*** Dataset extract Section Begins ***

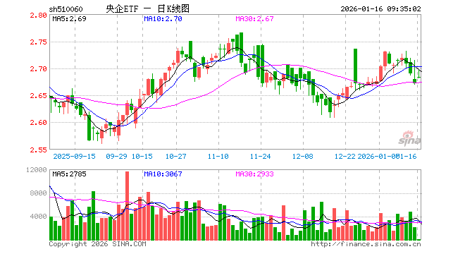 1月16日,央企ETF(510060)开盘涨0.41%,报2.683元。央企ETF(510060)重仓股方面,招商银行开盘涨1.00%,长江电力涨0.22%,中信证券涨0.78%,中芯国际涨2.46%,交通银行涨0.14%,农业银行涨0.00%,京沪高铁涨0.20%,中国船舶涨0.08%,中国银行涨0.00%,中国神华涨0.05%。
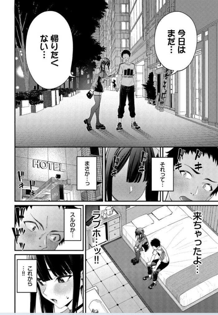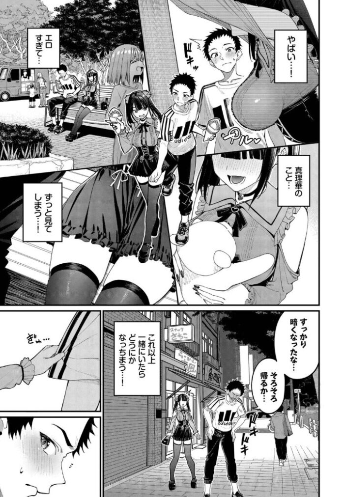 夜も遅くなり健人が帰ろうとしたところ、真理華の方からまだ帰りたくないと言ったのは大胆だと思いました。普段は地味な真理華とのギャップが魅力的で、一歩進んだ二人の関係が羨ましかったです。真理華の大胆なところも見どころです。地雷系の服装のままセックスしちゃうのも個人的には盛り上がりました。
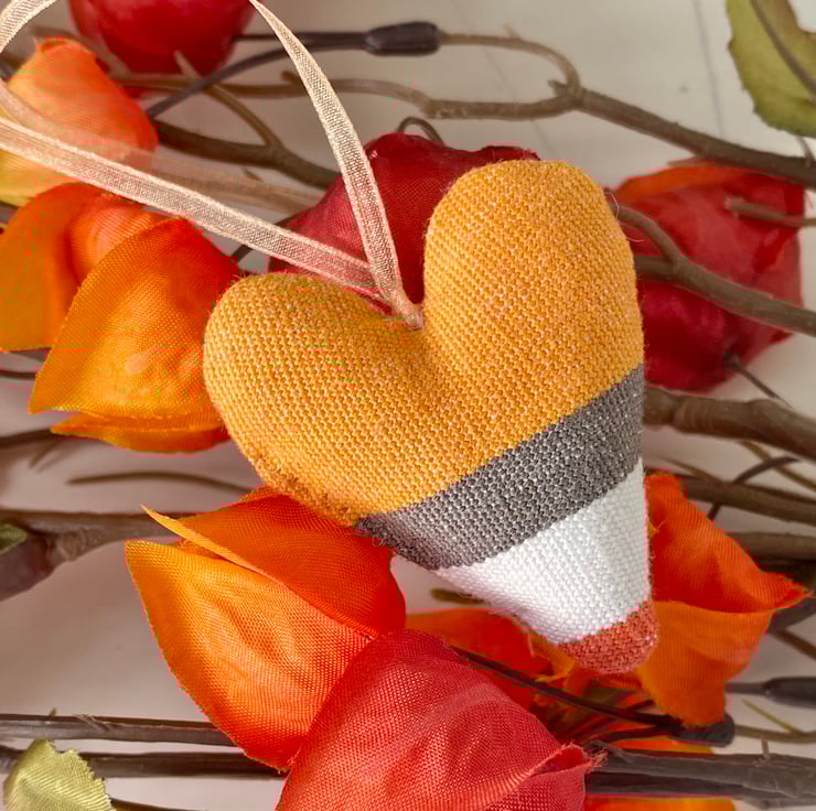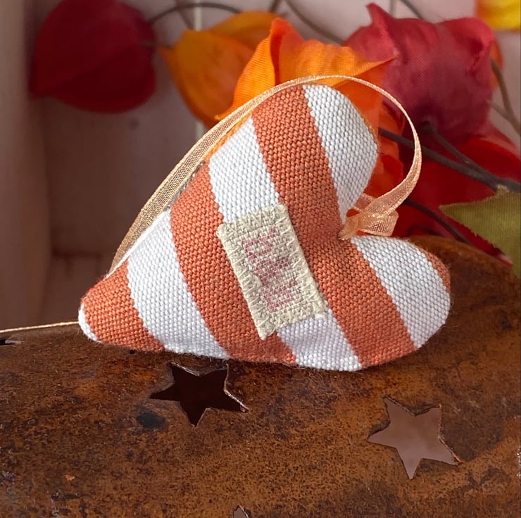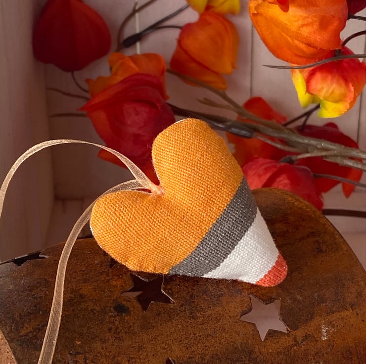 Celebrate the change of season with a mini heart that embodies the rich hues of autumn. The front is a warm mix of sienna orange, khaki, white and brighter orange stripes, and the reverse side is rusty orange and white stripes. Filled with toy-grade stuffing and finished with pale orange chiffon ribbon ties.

*** Dataset extract Section Ends ***
*** Dataset extract Section Begins ***

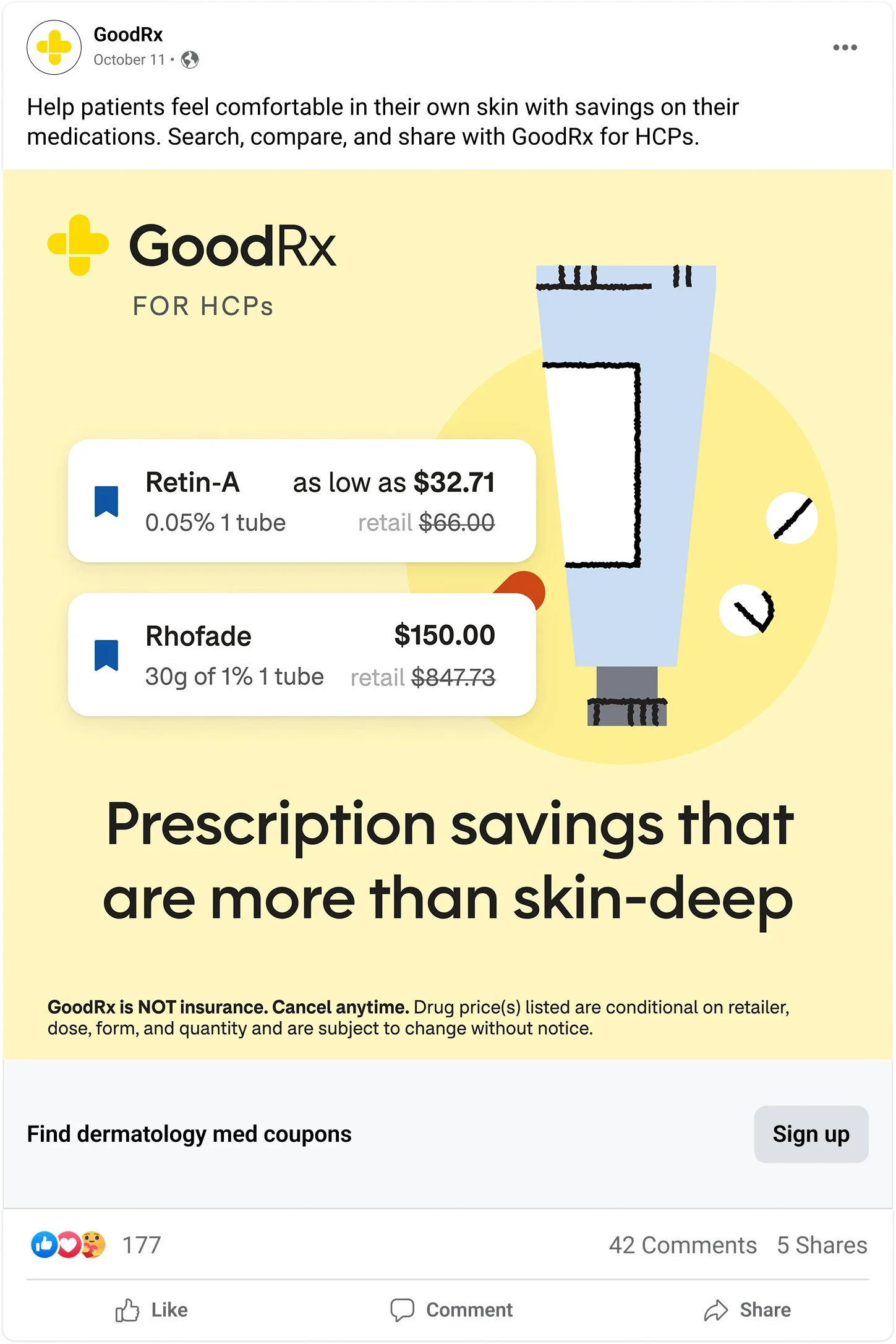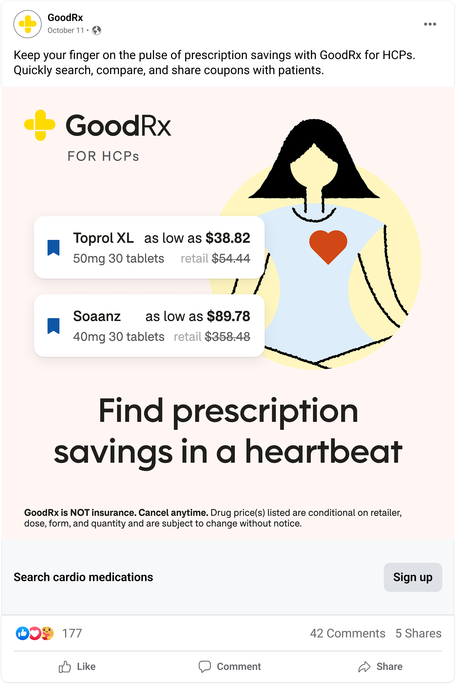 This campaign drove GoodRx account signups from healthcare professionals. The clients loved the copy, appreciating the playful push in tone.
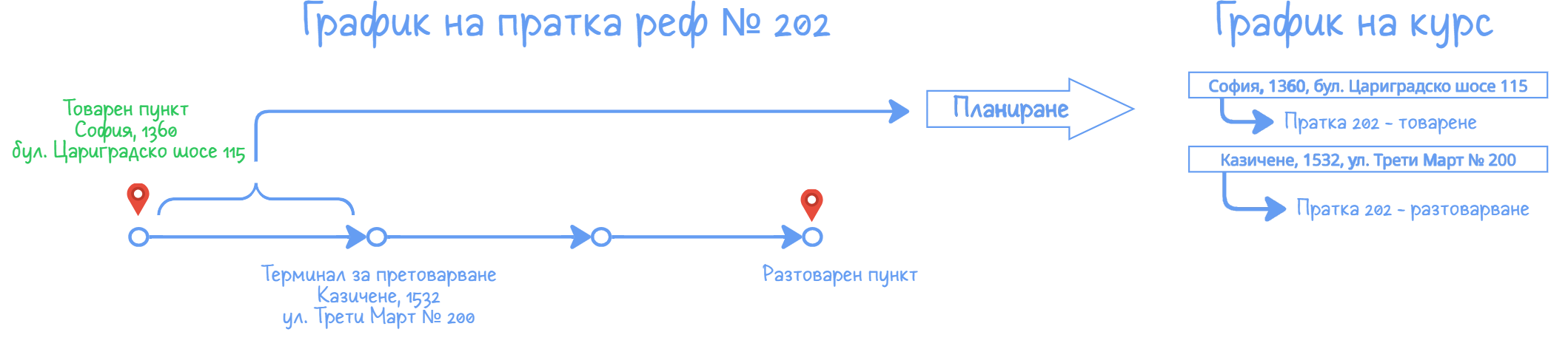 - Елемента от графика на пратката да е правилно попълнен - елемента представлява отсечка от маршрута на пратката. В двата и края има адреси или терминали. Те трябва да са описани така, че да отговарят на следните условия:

*** Dataset extract Section Ends ***

_Task directions:_
Look through the listing above for the line with "夜も遅くなり健人が帰ろうとし" and the line with "Celebrate the change". Write out exactly those lines and everything between, leaving out pictures.

_Output of the exercise:_
 夜も遅くなり健人が帰ろうとしたところ、真理華の方からまだ帰りたくないと言ったのは大胆だと思いました。普段は地味な真理華とのギャップが魅力的で、一歩進んだ二人の関係が羨ましかったです。真理華の大胆なところも見どころです。地雷系の服装のままセックスしちゃうのも個人的には盛り上がりました。
 Celebrate the change of season with a mini heart that embodies the rich hues of autumn. The front is a warm mix of sienna orange, khaki, white and brighter orange stripes, and the reverse side is rusty orange and white stripes. Filled with toy-grade stuffing and finished with pale orange chiffon ribbon ties.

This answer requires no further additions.